▸ **Work required**:
Every entry needs to be written out again exactly, with its pictures removed.
================================
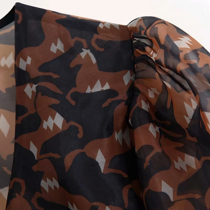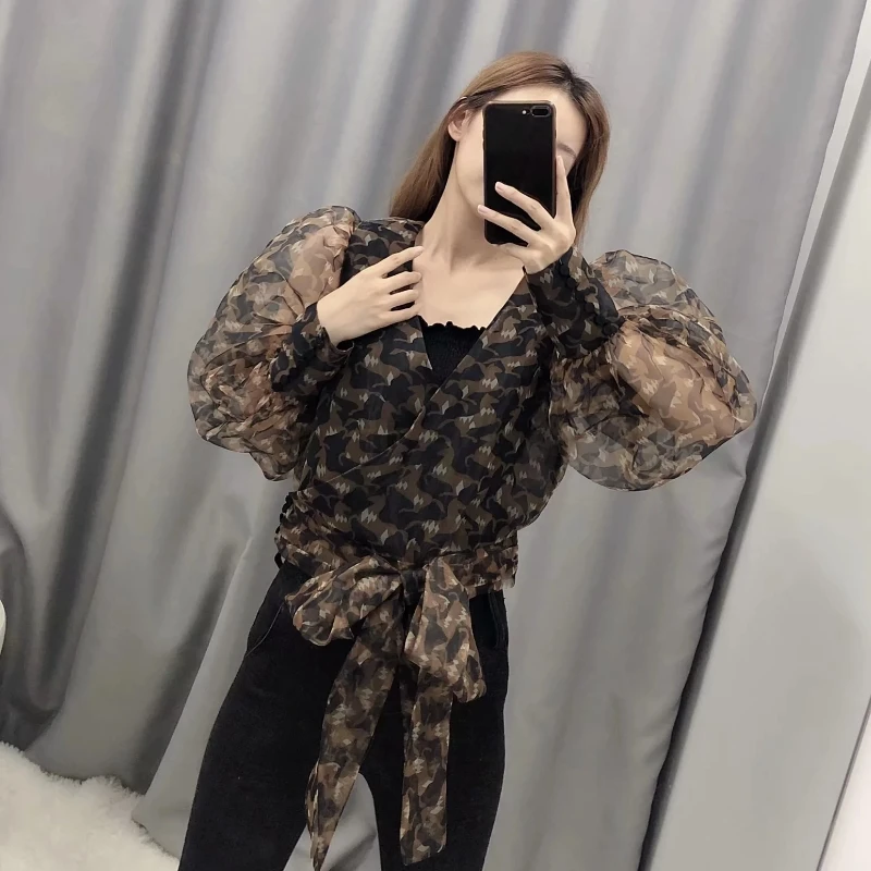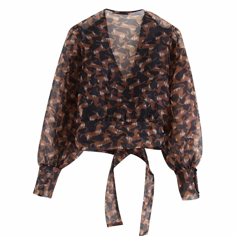 Special Offer Mujeres Cruz cuello v impresión transparente organza smock blusa camisas mujeres dobladillo atado kimono blusas retro chemise tops LS4321 Discount 0% Today!
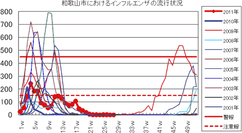 2011年28週の和歌山市5類感染症(定点把握)の発生状況です。
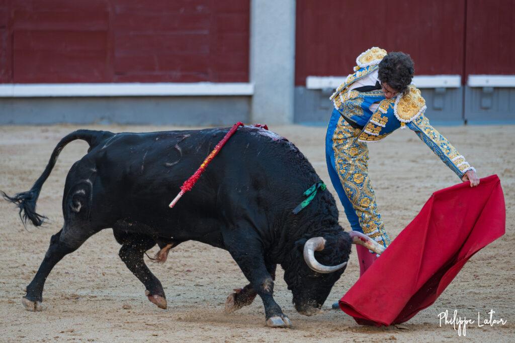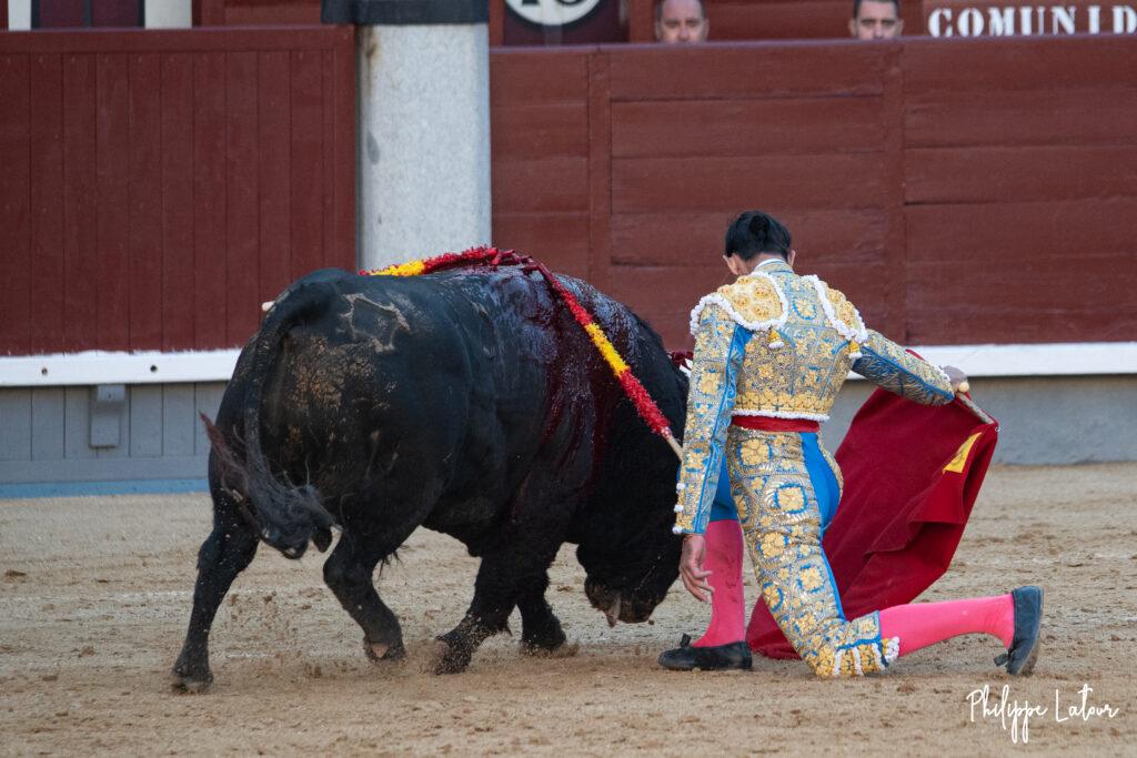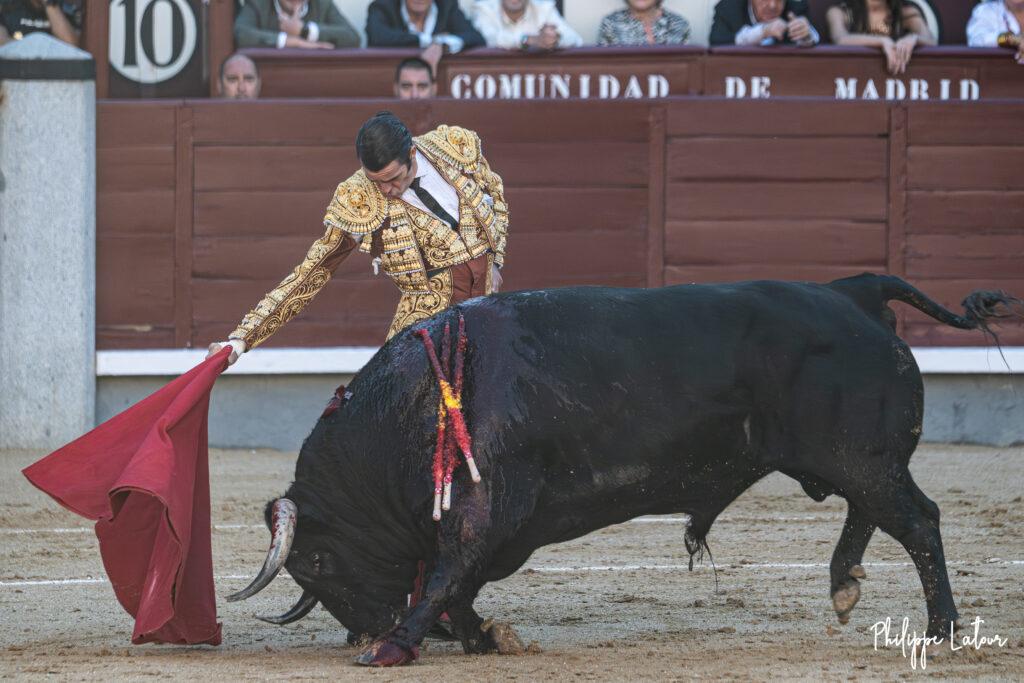Toro distrait et pas franc du collier dans ses charges à sa sortie. Il malmène cheval et picador lors de la 1ère pique, plus anodin sur la seconde. Le 7 demande que la cuadra Equigarce soit mise hors de Madrid…ambiance…Début pas doblones du plus bel effet, suivi de passes en rond un genou en terre où le côté droit est celui que goûte le plus l’animal. C’est sur ce côté que va se dérouler majoritairement la faena de Fortes. Bien guidées et liées, les passes manquent d’un petit quelque chose pour donner le grand frisson, un placement plus dans le terrain du toro peut-être… Le passage à gauche est plus brouillon. Longuet aux aciers. Saluts de Fortes, palmas au toro.
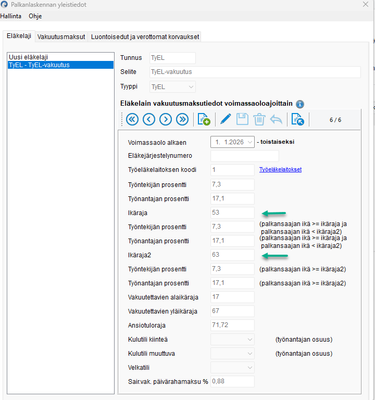Vuonna 2026 53–62-vuotiaiden työntekijöiden korotettu maksu poistuu. Tämän johdosta palkanlaskennan yleistiedoissa sekä ikäraja ja ikäraja2 prosentti arvot ovat samat. Tarkista siis etenkin...
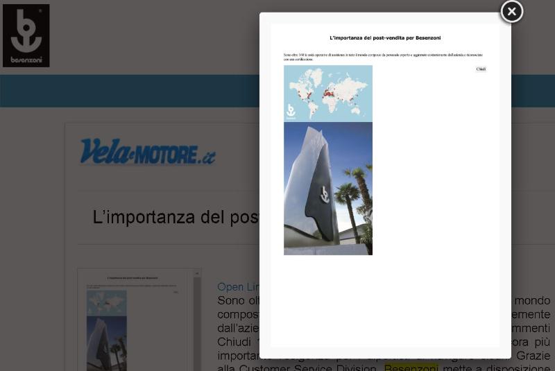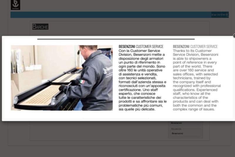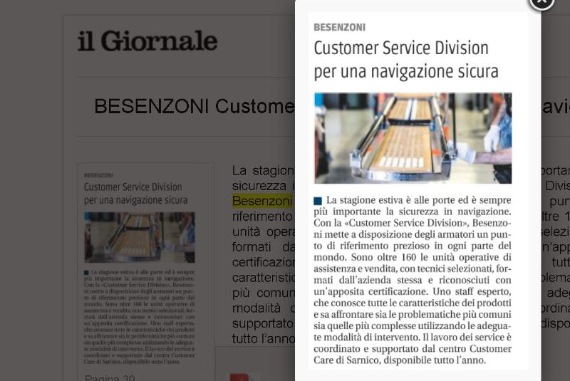 BESENZONI CUSTOMER SERVICE Con la Customer Service Division, Besenzoni mette a disposizione degli armatori un punto di riferimento in ogni parte del mondo. Sono oltre 160 le unità operative di assistenza e vendita, con tecnici ...
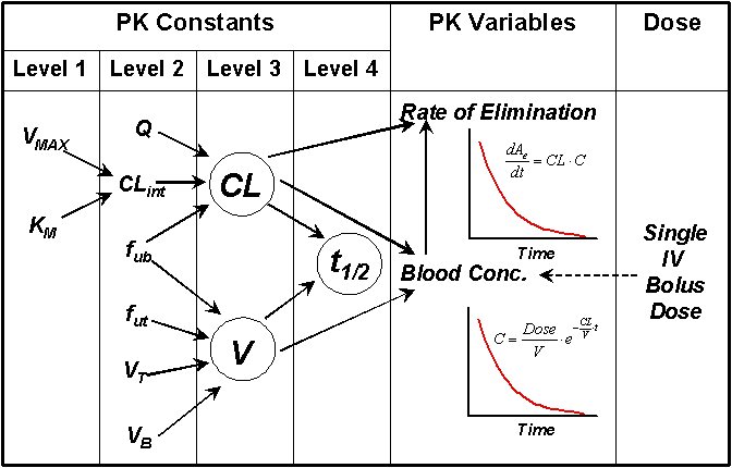 The arguments presented here are summarized in Figure 5 in terms of hierarchy of the major pharmacokinetic parameters (constants) and their interdependence. Furthermore, the effects of these kinetic parameters on the blood concentrations and elimination rate after a single intravenous dose are demonstrated.
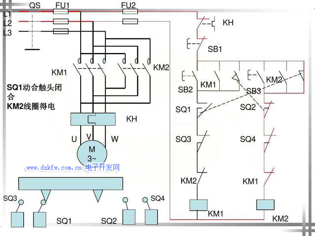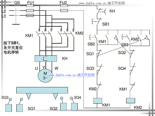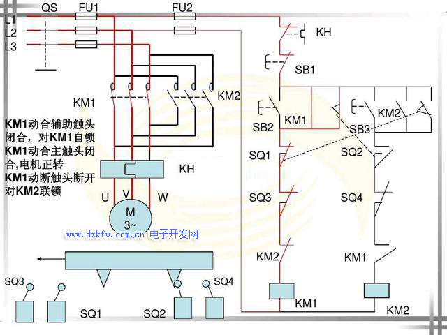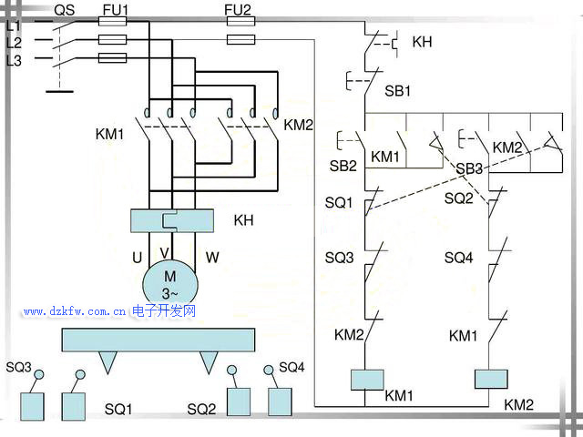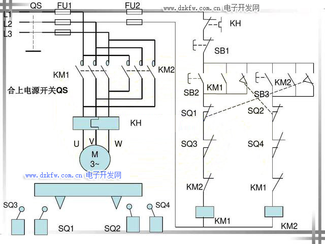 注明:行程開關(guān)SQ3,行程開關(guān)SQ4位于工作臺(tái)的兩側(cè),目的在于對(duì)電路進(jìn)行極限保護(hù),即雙重行程開關(guān)用來停止電動(dòng)機(jī)的極限運(yùn)行,相對(duì)的更加的安全,可靠和實(shí)用。
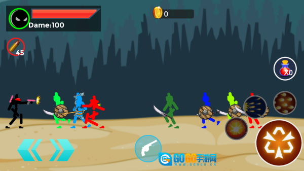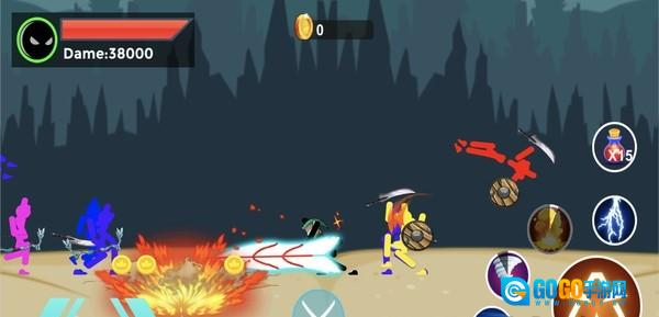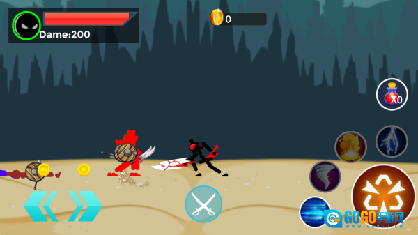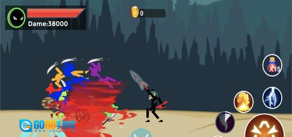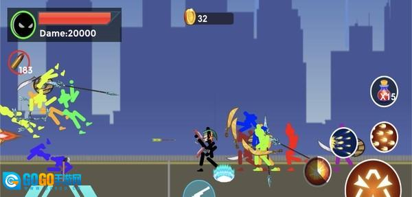 2、通过左侧方向键来操控火柴人的移动与攻击方向,右侧按键主要承担普通攻击以及释放各类炫酷技能的职责,巧妙地将这些操作灵活组合,便能形成威力惊人的连招。
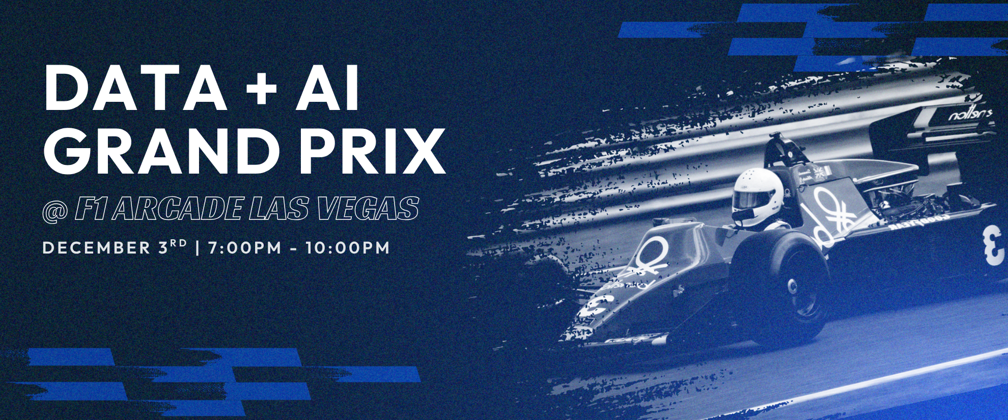Start your engines and join us for the Data + AI Grand Prix, an exclusive happy hour during AWS re:Invent! Connect with industry leaders, innovators, and data enthusiasts for a high-octane evening of networking, cocktails, and cutting-edge conversation at the F1 Arcade, Las Vegas’s premier racing and entertainment venue.
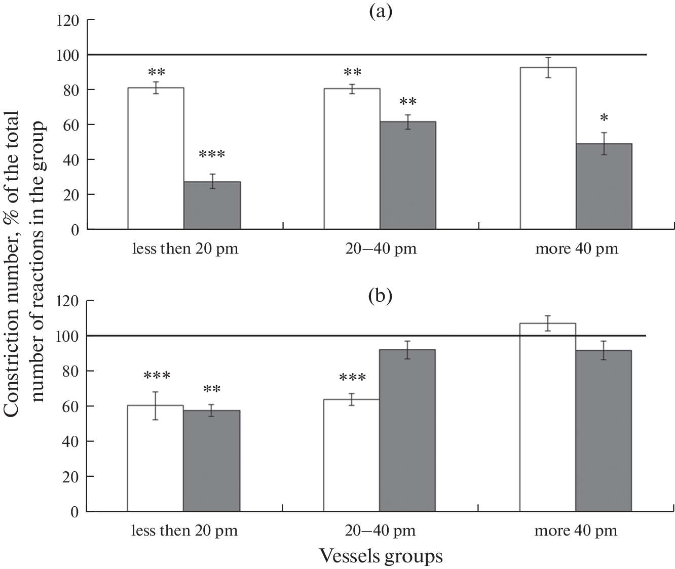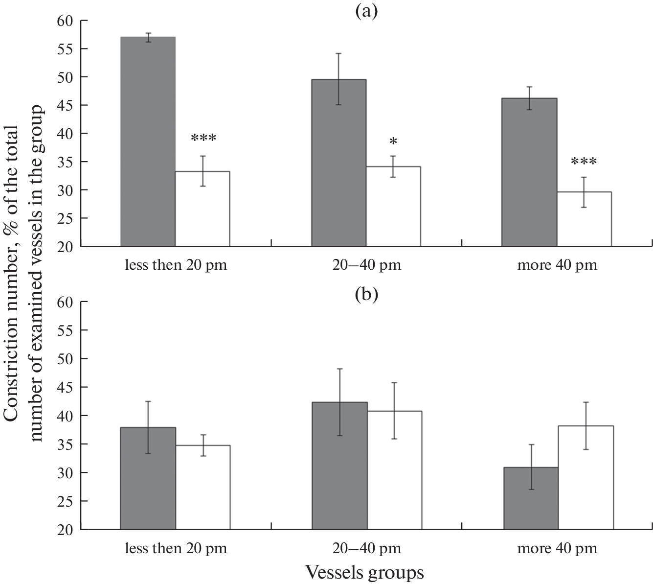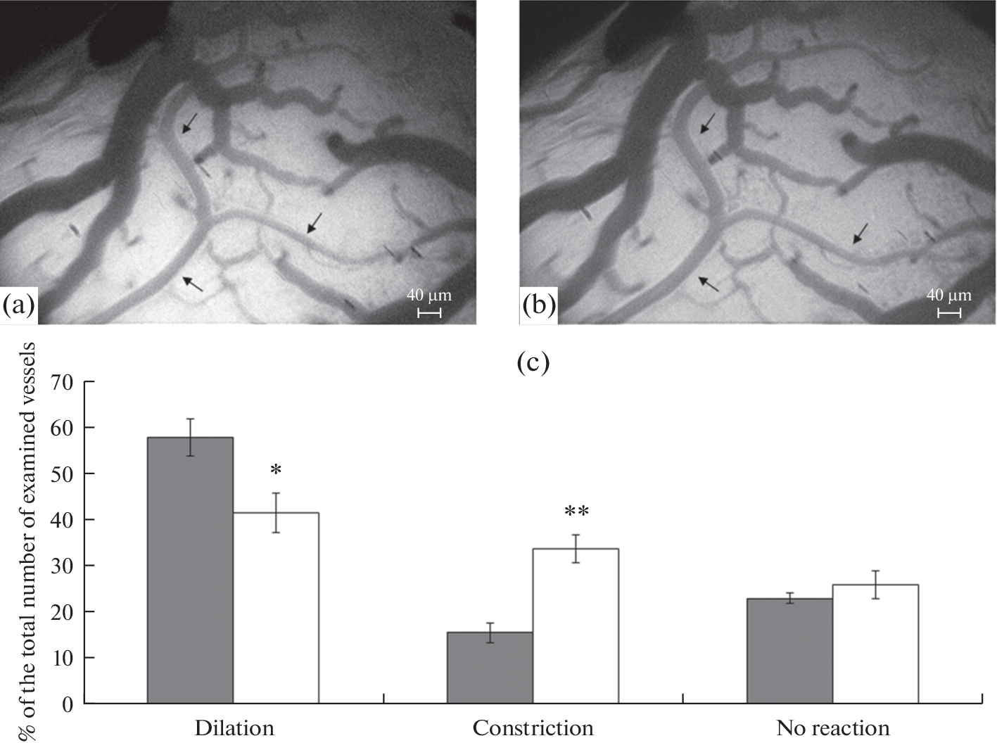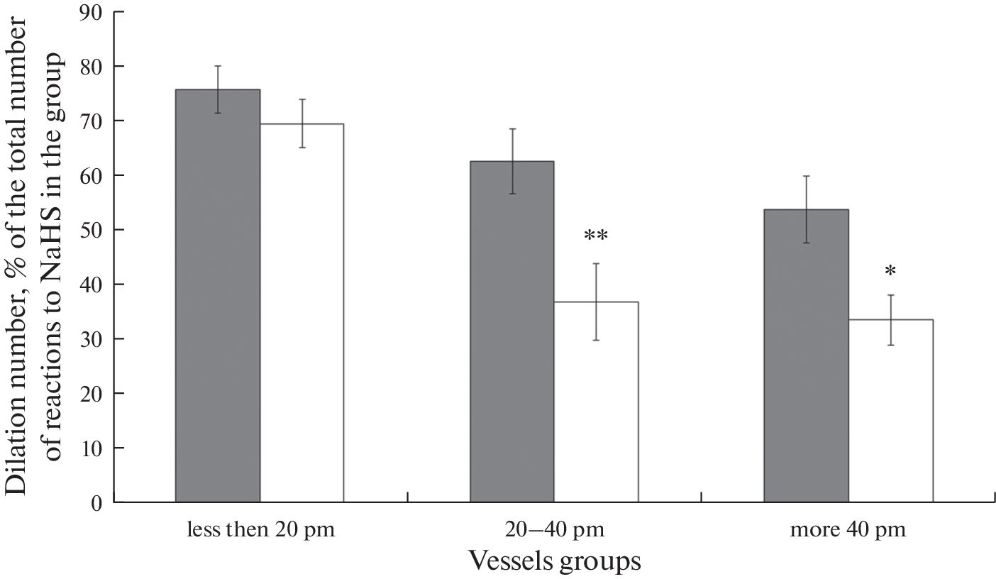 Проведено исследование реакций пиальных артерий на воздействие экзогенного сероводорода и оценка вклада КАТФ- и BKСa-каналов в H2S-опосредованную дилатацию у крыс разного возраста. Методом прижизненной микрофотосъемки у крыс Sprague-Dawley в возрасте 4 и 18 мес. исследовались реакции пиальных а-ртерий различных диаметров на воздействие раствора донора экзогенного сероводорода – гидросульфида натрия (NaHS, 30 мкМ), а также их изменение при предварительном применении блокаторов калиевых каналов: КАТФ (глибенкламид, 10 мкМ) и BKCa (тетраэтиламмоний, 2 мМ). Установлено, что у крыс с возрастом происходит угнетение H2S-индуцированной дилатации пиальных артерий и увеличение констрикторных ответов на воздействие экзогенного сероводорода. Возрастные изменения H2S-индуцированной дилататорной реакции пиальных артерий у крыс зависят от размера сосудов. С возрастом уменьшается число дилатаций артерий диаметром больше 20 мкм. При этом старение не влияет на дилатацию более мелких артерий. Эти нарушения могут быть связаны с изменениями процессов, обусловленных активацией калиевых каналов. Обнаружено, что старение сопровождается увеличением вклада КАТФ-каналов в осуществление H2S-опосредованной дилатации пиальных артерий диаметров менее 40 мкм. Вклад BKСa-каналов в дилатацию с возрастом снижается: у 18-месячных крыс эти каналы практически не участвуют в H2S-опосредованной дилатации пиальных артерий диаметром более 20 мкм.
================================
▸ **Reply to the task**:
 Special Offer Mujeres Cruz cuello v impresión transparente organza smock blusa camisas mujeres dobladillo atado kimono blusas retro chemise tops LS4321 Discount 0% Today!
 2011年28週の和歌山市5類感染症(定点把握)の発生状況です。
Toro distrait et pas franc du collier dans ses charges à sa sortie. Il malmène cheval et picador lors de la 1ère pique, plus anodin sur la seconde. Le 7 demande que la cuadra Equigarce soit mise hors de Madrid…ambiance…Début pas doblones du plus bel effet, suivi de passes en rond un genou en terre où le côté droit est celui que goûte le plus l’animal. C’est sur ce côté que va se dérouler majoritairement la faena de Fortes. Bien guidées et liées, les passes manquent d’un petit quelque chose pour donner le grand frisson, un placement plus dans le terrain du toro peut-être… Le passage à gauche est plus brouillon. Longuet aux aciers. Saluts de Fortes, palmas au toro.
Vuonna 2026 53–62-vuotiaiden työntekijöiden korotettu maksu poistuu. Tämän johdosta palkanlaskennan yleistiedoissa sekä ikäraja ja ikäraja2 prosentti arvot ovat samat. Tarkista siis etenkin...
 BESENZONI CUSTOMER SERVICE Con la Customer Service Division, Besenzoni mette a disposizione degli armatori un punto di riferimento in ogni parte del mondo. Sono oltre 160 le unità operative di assistenza e vendita, con tecnici ...
 The arguments presented here are summarized in Figure 5 in terms of hierarchy of the major pharmacokinetic parameters (constants) and their interdependence. Furthermore, the effects of these kinetic parameters on the blood concentrations and elimination rate after a single intravenous dose are demonstrated.
 注明:行程開關(guān)SQ3,行程開關(guān)SQ4位于工作臺(tái)的兩側(cè),目的在于對(duì)電路進(jìn)行極限保護(hù),即雙重行程開關(guān)用來停止電動(dòng)機(jī)的極限運(yùn)行,相對(duì)的更加的安全,可靠和實(shí)用。
 2、通过左侧方向键来操控火柴人的移动与攻击方向,右侧按键主要承担普通攻击以及释放各类炫酷技能的职责,巧妙地将这些操作灵活组合,便能形成威力惊人的连招。
Start your engines and join us for the Data + AI Grand Prix, an exclusive happy hour during AWS re:Invent! Connect with industry leaders, innovators, and data enthusiasts for a high-octane evening of networking, cocktails, and cutting-edge conversation at the F1 Arcade, Las Vegas’s premier racing and entertainment venue.
 Проведено исследование реакций пиальных артерий на воздействие экзогенного сероводорода и оценка вклада КАТФ- и BKСa-каналов в H2S-опосредованную дилатацию у крыс разного возраста. Методом прижизненной микрофотосъемки у крыс Sprague-Dawley в возрасте 4 и 18 мес. исследовались реакции пиальных а-ртерий различных диаметров на воздействие раствора донора экзогенного сероводорода – гидросульфида натрия (NaHS, 30 мкМ), а также их изменение при предварительном применении блокаторов калиевых каналов: КАТФ (глибенкламид, 10 мкМ) и BKCa (тетраэтиламмоний, 2 мМ). Установлено, что у крыс с возрастом происходит угнетение H2S-индуцированной дилатации пиальных артерий и увеличение констрикторных ответов на воздействие экзогенного сероводорода. Возрастные изменения H2S-индуцированной дилататорной реакции пиальных артерий у крыс зависят от размера сосудов. С возрастом уменьшается число дилатаций артерий диаметром больше 20 мкм. При этом старение не влияет на дилатацию более мелких артерий. Эти нарушения могут быть связаны с изменениями процессов, обусловленных активацией калиевых каналов. Обнаружено, что старение сопровождается увеличением вклада КАТФ-каналов в осуществление H2S-опосредованной дилатации пиальных артерий диаметров менее 40 мкм. Вклад BKСa-каналов в дилатацию с возрастом снижается: у 18-месячных крыс эти каналы практически не участвуют в H2S-опосредованной дилатации пиальных артерий диаметром более 20 мкм.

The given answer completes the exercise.